Borrowers that are facing challenges in the credit market are finding solace in dollar-denominated loans, even as non-performing debt at local banks, volatility in the rupee and uncertainty over national elections next year add to pressure on financing costs.
The downfall of shadow lender IL&FS group has fueled concerns about default risks, making banks cautious and pushing up the cost some firms pay for loans at home.
Companies are increasingly turning to overseas lenders, as distressed assets of about $210 billion at India’s banks limit their capacity to lend rupee funds.
“Many issuers are looking at offshore loans due to low liquidity in the rupee debt markets,” said Durgesh Tinaikar, head of corporate and institutional banking at Mizuho Bank India. “Borrowers find offshore loans easier to raise funds, even though pricing is largely on an upward trend, mainly for banks and non-banking finance companies, due to political uncertainty and risks for volatility in the rupee.”
Borrowing Cost Trends
The big picture is that loan costs are heading up for some borrowers, but had fallen so much earlier that they are still lower this year on average.
Average margins on Indian five-year foreign-currency loans are 130 basis points more than London interbank offered rate in 2018, the lowest since 2005, according to Bloomberg-compiled data.
In comparison, spreads over Treasuries for dollar bonds of local issuers have risen 107 basis points this year to 273, according to ICE BofAML index data.
Some Indian companies are stomaching the recent uptick in loan rates.

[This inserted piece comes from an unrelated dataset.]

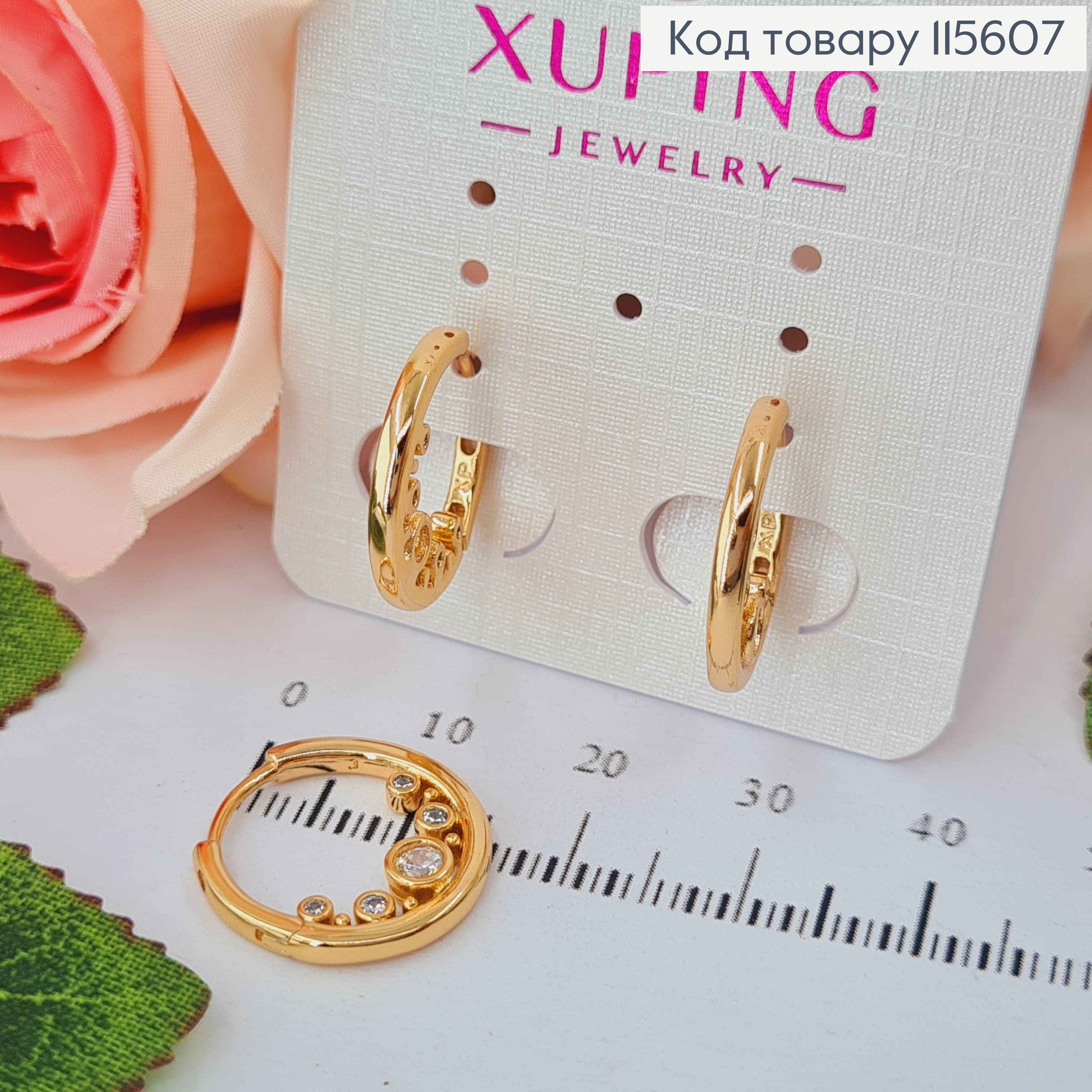 Серьги кольца 1,5см, с камешками на грани, Xuping 18K

State Bank of India, the nation’s biggest lender, is paying a margin of 115 basis points over Libor for its new $500 million five-year loan, 10 basis points higher than its similar-tenor facility in 2017.
Indian Oil Corp. is offering 100 basis point margin on a $1.3 billion five-year loan, compared with 70 basis points on the refiner’s $300 million loan with the same tenor from a year ago.
“Some of the non-bank financial institutions and smaller banks in India have had some credit risk problems,” said John Corrin, global head of loan syndications at Australia and New Zealand Banking Group in Hong Kong. “Some of the companies are strong and will continue to have access to the foreign market, while others are less so and definitely will struggle to raise funds or will have to pay significantly more.”